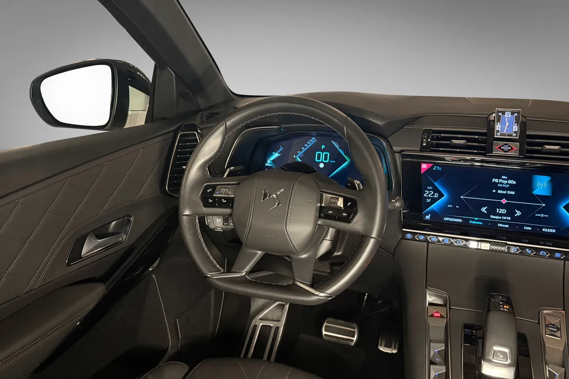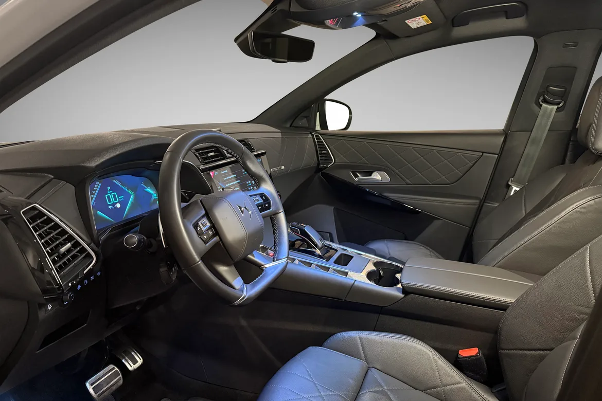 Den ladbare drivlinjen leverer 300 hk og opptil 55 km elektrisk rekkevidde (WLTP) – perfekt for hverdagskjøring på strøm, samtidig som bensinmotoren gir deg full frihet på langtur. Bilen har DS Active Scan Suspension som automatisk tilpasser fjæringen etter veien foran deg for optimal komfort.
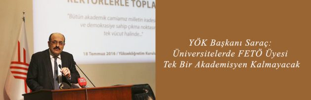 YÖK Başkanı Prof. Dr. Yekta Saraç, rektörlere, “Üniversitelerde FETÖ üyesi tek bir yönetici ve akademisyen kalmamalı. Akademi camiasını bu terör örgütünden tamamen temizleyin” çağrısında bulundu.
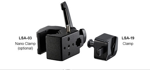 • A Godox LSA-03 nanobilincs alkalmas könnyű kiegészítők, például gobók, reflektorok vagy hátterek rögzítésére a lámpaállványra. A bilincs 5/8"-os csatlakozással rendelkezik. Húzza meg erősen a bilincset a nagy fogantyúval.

****

● **Exercise**
All of the material must be repeated exactly in the answer, apart from the pictures.

● **Solved exercise**
 Den ladbare drivlinjen leverer 300 hk og opptil 55 km elektrisk rekkevidde (WLTP) – perfekt for hverdagskjøring på strøm, samtidig som bensinmotoren gir deg full frihet på langtur. Bilen har DS Active Scan Suspension som automatisk tilpasser fjæringen etter veien foran deg for optimal komfort.
 YÖK Başkanı Prof. Dr. Yekta Saraç, rektörlere, “Üniversitelerde FETÖ üyesi tek bir yönetici ve akademisyen kalmamalı. Akademi camiasını bu terör örgütünden tamamen temizleyin” çağrısında bulundu.
 • A Godox LSA-03 nanobilincs alkalmas könnyű kiegészítők, például gobók, reflektorok vagy hátterek rögzítésére a lámpaállványra. A bilincs 5/8"-os csatlakozással rendelkezik. Húzza meg erősen a bilincset a nagy fogantyúval.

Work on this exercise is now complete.